DELETE will will delete the given course no matter what.
All its associated assignments, repos, other metadata will be removed.
Request
DELETE /courses/00000000-0000-0000-0000-000000000000
Response
HTTP 200 OK
/courses/<course_uid>/instructors
Request
POST /courses/00000000-0000-0000-0000-000000000000/instructors
{
"instructor_name": "[email protected]",
}
Response
HTTP 200 Ok
/courses/<course_uid>/assignments
Request
POST /courses/00000000-0000-0000-0000-000000000000/assignments
{
"name": "hw0",
"uuid": "00000000-0000-0000-0000-000000000001",
}
Response
HTTP 202 Created
/courses/<course_uid>/assignments/<assignment_uid>
This endpoint support both DELETE and GET method.
Using GET will return whether this resourced is created in the form of response code, with 404 for not found and 20x for created.
DELETE will delete the given assignment no matter what.
All its associated repo will be removed.
Request
DELETE /courses/00000000-0000-0000-0000-000000000000/assignments/00000000-0000-0000-0000-000000000000
Response
HTTP 200 OK
/courses/<course_uid>/assignments/<assignment_uid>/repos
additional_data
field is optional. It may contains escape sequence.
Request
POST /courses/00000000-0000-0000-0000-000000000000/assignments/00000000-0000-0000-0000-000000000000/repos
{
"owners": ["[email protected]"],
"repo_name": "wangdch",
"ddl": "2012-10-22T14:13:35Z",
"additional_data": "lolwhatsthis"
}
Response
HTTP 202 Created
/courses/<course_uid>/assignments/<assignment_uid>/repos/<repo_name>
This endpoint support both DELETE and GET method.
Using GET will return whether this resourced is created in the form of response code, with 404 for not found and 20x for created.
DELETE will delete the given repo no matter what.
Request
DELETE /courses/00000000-0000-0000-0000-000000000000/assignments/00000000-0000-0000-0000-000000000000/repos/wangdch
Response
HTTP 200 OK
/courses/<course_uid>/assignments/<assignment_uid>/repos/<repo_name>/download?format=<format>
Possible argument for <format>
is tar.gz
, tar.bz2
, tbz
, tbz2
, tb2
, bz2
, tar
, and zip
.
This would return HTTP error (500 or 404) if the underlying repo is empty.
Request
GET /courses/00000000-0000-0000-0000-000000000000/assignments/00000000-0000-0000-0000-000000000001/repos/wangdch/download?format=tar.gz
Response
HTTP/1.1 200 OK
Content-Type: application/octet-stream
Content-Disposition: attachment; filename="gitlab-pub01-master-0000000000000000000000000000000000000000.tar.gz"
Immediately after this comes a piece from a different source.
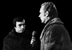 А было еще похуже. В светильнике, надо мной, лопнуло стекло. Раскаленный осколок упал мне за спину - хорошо еще, что не за воротник, а на мой стул, который тут же воспламенился. Счастье, что погас свет, - резко отбрасываю от себя стул и, когда включили другой светильник, делаю вид, что ничего не произошло, хотя новый стул мне не успели пододвинуть, и я вынужден был "сидеть" на полусогнутых ногах, покуда не запустили ленту. В студии угар, полно дыма от горелых тряпок, но уйти нельзя - программа рассчитана на 45 минут...

Etag: W/"66b236dce2a26ba5c409bcefead3a673"
Content-Transfer-Encoding: binary
<binary>
/courses/<course_uid>/assignments/<assignment_uid>/repos/<repo_name>/commits?page=<page>
page query prama should be omitted on first call. This would return HTTP error (500 or 404) if the underlying repo is empty.
Request
GET /courses/00000000-0000-0000-0000-000000000000/assignments/00000000-0000-0000-0000-000000000001/repos/wangdch/commits
Response
HTTP/1.1 200 OK
Content-Type: application/json
Link: <commits?page=http%3A%2F%2Flol%2Ffoo%2Fbar%3Fnext%3D102>; rel="next"
<a large json>
Next page:
Request
GET /courses/00000000-0000-0000-0000-000000000000/assignments/00000000-0000-0000-0000-000000000001/repos/wangdch/commits?page=http%3A%2F%2Flol%2Ffoo%2Fbar%3Fnext%3D102
Response
HTTP/1.1 200 OK
Content-Type: application/json
<a large json>
Clients should make no assumption over the content of page. It should consider it to be something like a token that has no meaning.